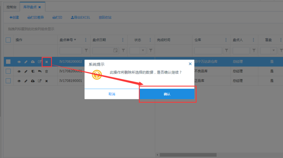 制单/驳回状态的盘点单,点击操作栏<删除>按钮,弹出提示框后点击确认即可删除,删除后单据会进入回收站查看。
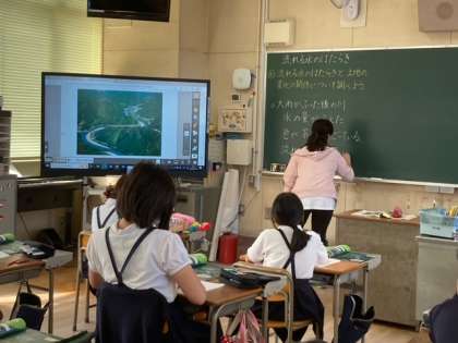 「流れる水のはたらき」の学習を映像を見ながら、行いました。
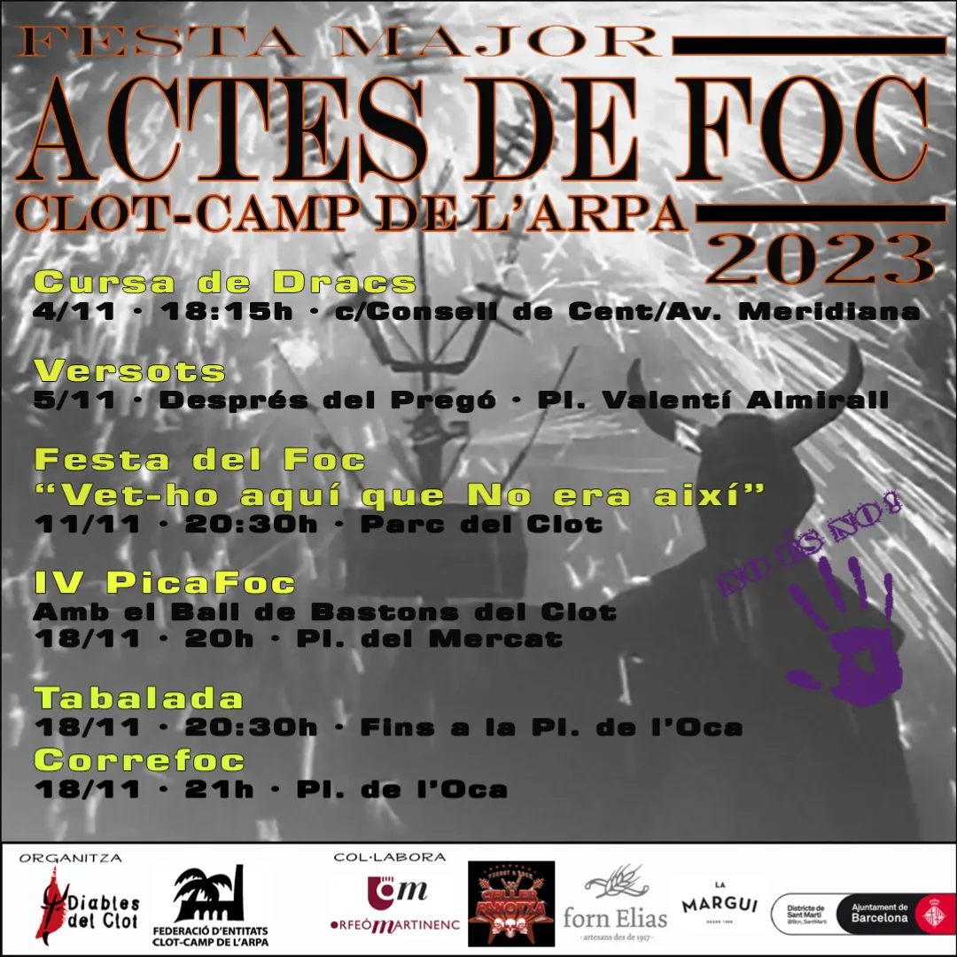 Ja falta menys d’un mes per la Festa Major del Clot-Camp de l’Arpa 2023 !! Tenim les màquines al 100% preparant la Cursa de Dracs, els Versots satírics, la Festa de Foc, el Picafoc i el correfoc…
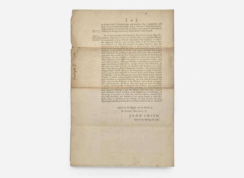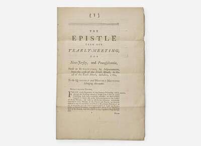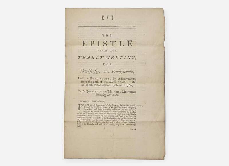 A rare Benjamin Franklin printing of the Quaker Epistle from the 1760 Yearly-Meeting, featuring a caution against slave owning amongst Friends: “discourage the Practice of making Slaves of our Fellow Creatures, hath been visibly blessed with Success, we earnestly exhort that Friends do not abate of their Diligence in this weighty Matter, but continue in the Love which beareth long, and is kind, to labour with such, as having Membership with us, do, in any Manner, by buying, selling or keeping them, countenance the Trade, to inform their Understandings, and convince their Judgements, and some of us are firmly persuaded, that if this Care is diligently and honestly pursued, the Society will, in Time, come up more universally in fulfilling the the Evangelical Law of Righteousness in this Respect.”
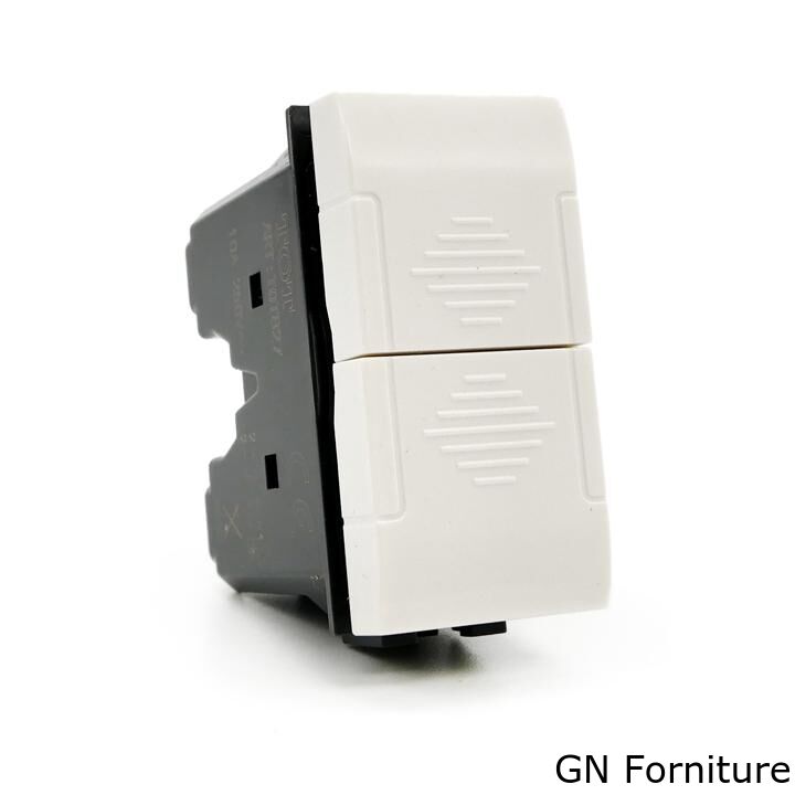 Moderno e funzionale interruttore doppio pulsante usato in impianti elettrici civili e professionali, modulo di comando tapparelle o altro...Prodotto di ottima qualità per la tua casa e per il tuo impianto elettrico.
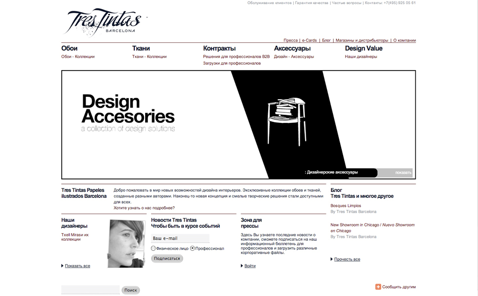 Сайт современен по стилистике, удобен в навигации и адресован широкому кругу посетителей – от просто любопытствующих, которые смогут заказать на нем десяток-другой рулонов, до профессионалов, желающих не только купить, но, например, разместить у Tres Tintas заказ на индивидуальные неповторимые обои и ткани.
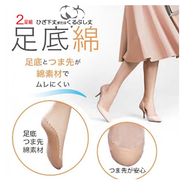 送料無料 2足組 足底綿 膝下 ひざ下丈 くるぶし丈 ストッキング 靴下 ひざした ショートストッキング 吸汗 速乾 UV対策 レディース 女性用 ポイント消化
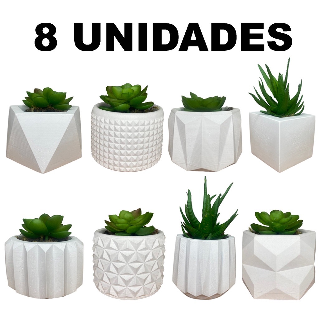Kit 8 Unidades Vaso Decorativo de Gesso Texturizado Para Suculentas, Cactus e Plantas Artificiais ou Naturais
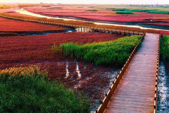 紅海灘國(guó)家風(fēng)景廊道它位于遼寧省盤錦紅海灘濕地旅游度假區(qū),南起二界溝混江溝大橋,北至紅海灘濕地旅游度假區(qū)接官?gòu)d大橋與旅游路接口,全長(zhǎng)18.115公里。是獨(dú)一無(wú)二的“世界紅色海岸線”,也被稱為“中國(guó)最精彩的休閑廊道”和“中國(guó)最浪漫的游憩海岸線”。中國(guó)婚協(xié)授予了紅海灘國(guó)家風(fēng)景廊道“中國(guó)婚禮文化產(chǎn)業(yè)基地”榮譽(yù)。
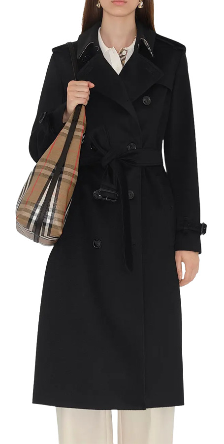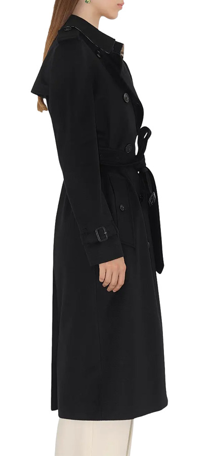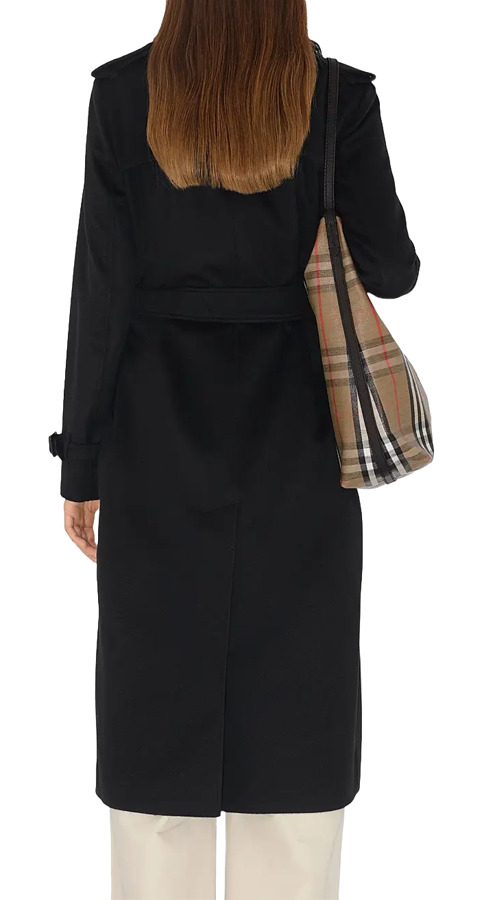 Iconic and impeccably crafted, Burberry’s Kensington Trench Coat is reimagined in waterproof, windproof cashmere. Featuring a classic double-breasted silhouette, belted waist, and signature Burberry Check undercollar, this fully lined Italian-made trench delivers timeless luxury with modern protection—an elevated outerwear essential for effortless sophistication.

○ ○ ○ ○

- TASK TO COMPLETE
Each record should be written out again exactly, though without its pictures.

- RESPONSE TO THE TASK
 制单/驳回状态的盘点单,点击操作栏<删除>按钮,弹出提示框后点击确认即可删除,删除后单据会进入回收站查看。
 「流れる水のはたらき」の学習を映像を見ながら、行いました。
 Ja falta menys d’un mes per la Festa Major del Clot-Camp de l’Arpa 2023 !! Tenim les màquines al 100% preparant la Cursa de Dracs, els Versots satírics, la Festa de Foc, el Picafoc i el correfoc…
 A rare Benjamin Franklin printing of the Quaker Epistle from the 1760 Yearly-Meeting, featuring a caution against slave owning amongst Friends: “discourage the Practice of making Slaves of our Fellow Creatures, hath been visibly blessed with Success, we earnestly exhort that Friends do not abate of their Diligence in this weighty Matter, but continue in the Love which beareth long, and is kind, to labour with such, as having Membership with us, do, in any Manner, by buying, selling or keeping them, countenance the Trade, to inform their Understandings, and convince their Judgements, and some of us are firmly persuaded, that if this Care is diligently and honestly pursued, the Society will, in Time, come up more universally in fulfilling the the Evangelical Law of Righteousness in this Respect.”
 Moderno e funzionale interruttore doppio pulsante usato in impianti elettrici civili e professionali, modulo di comando tapparelle o altro...Prodotto di ottima qualità per la tua casa e per il tuo impianto elettrico.
 Сайт современен по стилистике, удобен в навигации и адресован широкому кругу посетителей – от просто любопытствующих, которые смогут заказать на нем десяток-другой рулонов, до профессионалов, желающих не только купить, но, например, разместить у Tres Tintas заказ на индивидуальные неповторимые обои и ткани.
 送料無料 2足組 足底綿 膝下 ひざ下丈 くるぶし丈 ストッキング 靴下 ひざした ショートストッキング 吸汗 速乾 UV対策 レディース 女性用 ポイント消化
Kit 8 Unidades Vaso Decorativo de Gesso Texturizado Para Suculentas, Cactus e Plantas Artificiais ou Naturais
 紅海灘國(guó)家風(fēng)景廊道它位于遼寧省盤錦紅海灘濕地旅游度假區(qū),南起二界溝混江溝大橋,北至紅海灘濕地旅游度假區(qū)接官?gòu)d大橋與旅游路接口,全長(zhǎng)18.115公里。是獨(dú)一無(wú)二的“世界紅色海岸線”,也被稱為“中國(guó)最精彩的休閑廊道”和“中國(guó)最浪漫的游憩海岸線”。中國(guó)婚協(xié)授予了紅海灘國(guó)家風(fēng)景廊道“中國(guó)婚禮文化產(chǎn)業(yè)基地”榮譽(yù)。
 Iconic and impeccably crafted, Burberry’s Kensington Trench Coat is reimagined in waterproof, windproof cashmere. Featuring a classic double-breasted silhouette, belted waist, and signature Burberry Check undercollar, this fully lined Italian-made trench delivers timeless luxury with modern protection—an elevated outerwear essential for effortless sophistication.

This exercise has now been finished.